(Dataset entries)
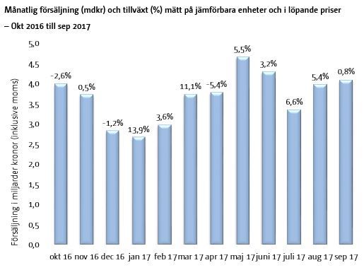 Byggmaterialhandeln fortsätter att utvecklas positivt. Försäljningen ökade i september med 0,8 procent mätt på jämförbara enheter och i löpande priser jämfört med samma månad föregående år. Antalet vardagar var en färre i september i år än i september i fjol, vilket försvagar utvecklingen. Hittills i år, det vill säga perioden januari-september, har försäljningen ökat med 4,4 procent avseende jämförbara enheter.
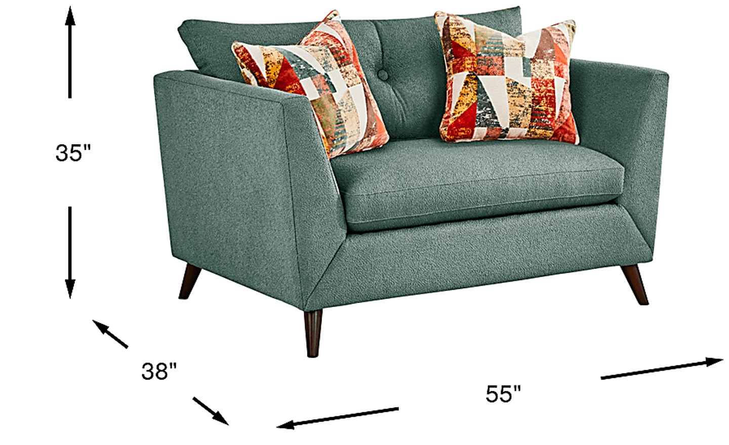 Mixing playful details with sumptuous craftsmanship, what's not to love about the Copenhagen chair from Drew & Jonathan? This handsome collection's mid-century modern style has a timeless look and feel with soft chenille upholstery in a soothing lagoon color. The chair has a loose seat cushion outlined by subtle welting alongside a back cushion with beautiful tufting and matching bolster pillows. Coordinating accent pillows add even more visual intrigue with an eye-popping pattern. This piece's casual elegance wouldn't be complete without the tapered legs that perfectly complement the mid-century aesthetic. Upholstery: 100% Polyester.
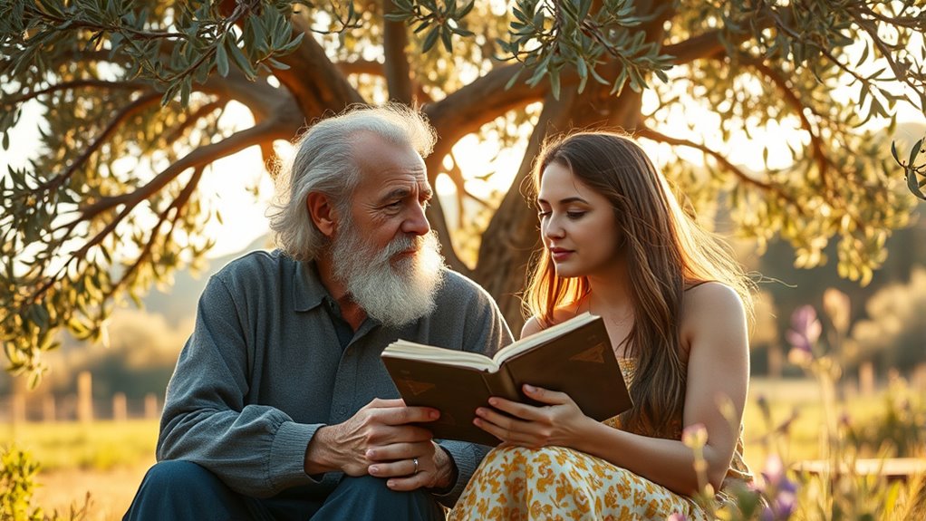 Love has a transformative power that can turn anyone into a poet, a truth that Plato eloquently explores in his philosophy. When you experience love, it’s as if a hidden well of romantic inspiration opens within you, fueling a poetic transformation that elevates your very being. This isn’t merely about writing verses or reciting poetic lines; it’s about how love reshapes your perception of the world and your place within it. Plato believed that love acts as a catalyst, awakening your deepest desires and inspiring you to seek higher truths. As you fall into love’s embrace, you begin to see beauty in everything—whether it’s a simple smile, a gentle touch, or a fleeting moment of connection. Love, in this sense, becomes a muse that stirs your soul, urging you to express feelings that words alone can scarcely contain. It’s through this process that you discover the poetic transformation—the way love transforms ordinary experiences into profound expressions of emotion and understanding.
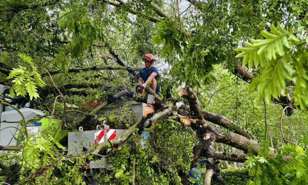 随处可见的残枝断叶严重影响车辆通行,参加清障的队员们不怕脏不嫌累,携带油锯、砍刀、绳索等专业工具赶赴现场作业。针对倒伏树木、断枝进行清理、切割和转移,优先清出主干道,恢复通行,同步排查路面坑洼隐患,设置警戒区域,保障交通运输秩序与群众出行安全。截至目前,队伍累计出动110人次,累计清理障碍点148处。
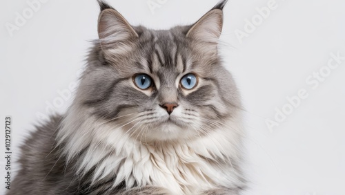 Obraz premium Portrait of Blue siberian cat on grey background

### TASK GOAL
In the records above, find the line containing "随处可见的残枝断叶严重影响车" and restate it and every line after it word for word, all pictures excluded.

### RESULT OF THIS TASK
 随处可见的残枝断叶严重影响车辆通行,参加清障的队员们不怕脏不嫌累,携带油锯、砍刀、绳索等专业工具赶赴现场作业。针对倒伏树木、断枝进行清理、切割和转移,优先清出主干道,恢复通行,同步排查路面坑洼隐患,设置警戒区域,保障交通运输秩序与群众出行安全。截至目前,队伍累计出动110人次,累计清理障碍点148处。
 Obraz premium Portrait of Blue siberian cat on grey background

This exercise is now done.